Hi, I am really in need of advice.

I am 12 days post ET of 2 5 day blasts.  Today I have been experiencing intermittent sharp pains on my left side, in the area of my ovary.  They occur when I move suddenly or sneeze, however, take my breath away!  I am quite scared by them and don't know what they are.  They don't stay though.  Has anyone any experience of this? Was thinking best to contact clinic asap in the morning.

Any ideas??


----------



## mixie29 (Dec 24, 2010)

Hey Bubbabear, 

I'm not sure what the pain could be but didnt want to read and run for def call your clinic in the morning and they will be able to advise you on the best thing to do. Try not to worry x I am day 12 and test on tues now i have been having mild pains for all of my 2ww on and off but didnt contact hospital as i kinda consider them normal cos i have been on Fertility drugs for what seems like a lifetime now.

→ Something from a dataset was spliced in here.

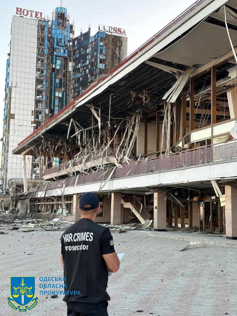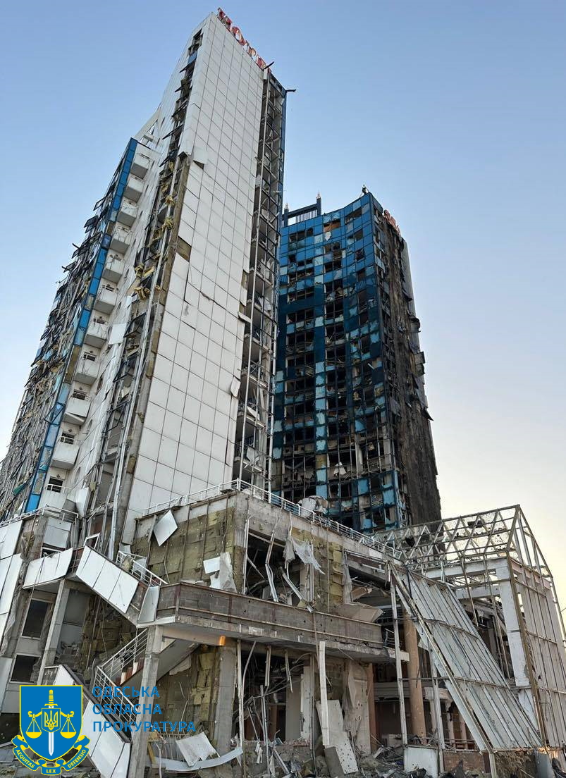 Основне фото: Андрій Ставніцер/Facebook. Пошкоджені після обстрілу 25 вересня 2023 року будівлі одеського морського вокзалу та готелю «Кемпінські – Одеса».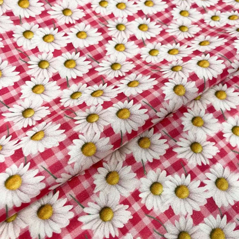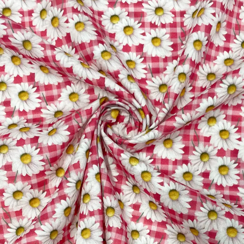Tricoline Digital Fabricart Coleção Margaridas 100% Algodão 1,50M Largura - Fundo Pink

When are you due to test ?

good luck, let me know what they say and stay stress free and relax
Kx


----------



## Jen xx (Mar 14, 2011)

hey pet

ive suffered with sharp pains in my left side for weeks now but its been comin from my ovaries cos even yet they still havent settled after EC.. apparently it can take but to 12 weeks before they do recover but if ur unsure give ur clinic a ring anyway cos will do no harm..

good luck 

Jenna xx


----------



## Bubbabear (May 11, 2011)

Hi,

Thanks for your thoughts! 

Mixie29 - OTD this wednesday 25th, though struggling with urges to test, especially after pains today! Have had cramps since EC, however, this feels quite different so will ring the clinic tomorrow I think.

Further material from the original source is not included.